* _EXERCISE_
Images are to be left out; everything else in the listing should be repeated exactly.

* _DATA BELOW_
⁂
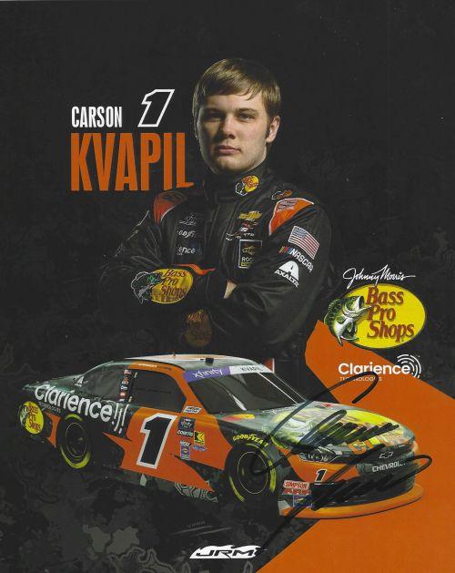 Carson Kvapil (NASCAR) autographed 8x10 hero photo/card. All autographs are 100% guaranteed and come with a certificate of authenticity from www.RKSportsPromotions.com.
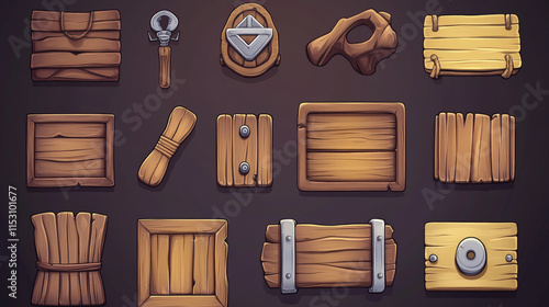 Cartoon wooden game assets,the kit for game ui development, vector gui elements
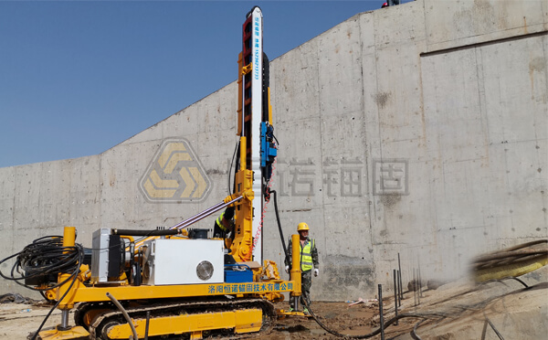 自鉆式錨桿施工技術是一種新型的錨固技術,該技術實現的關鍵是要有自鉆式錨桿施工設備,如鉆機。目前國內市場缺乏有效的自鉆式錨桿施工鉆機,針對此情況,恒諾投入大量人力財力,與業內廠家合作,經百余次應用現場調研及試驗,歷經一年時間研發出自鉆式錨桿專用鉆機,讓自鉆式錨桿施工效率更高。
⁂
* _RESPONSE BELOW_
 Carson Kvapil (NASCAR) autographed 8x10 hero photo/card. All autographs are 100% guaranteed and come with a certificate of authenticity from www.RKSportsPromotions.com.
 Cartoon wooden game assets,the kit for game ui development, vector gui elements
 自鉆式錨桿施工技術是一種新型的錨固技術,該技術實現的關鍵是要有自鉆式錨桿施工設備,如鉆機。目前國內市場缺乏有效的自鉆式錨桿施工鉆機,針對此情況,恒諾投入大量人力財力,與業內廠家合作,經百余次應用現場調研及試驗,歷經一年時間研發出自鉆式錨桿專用鉆機,讓自鉆式錨桿施工效率更高。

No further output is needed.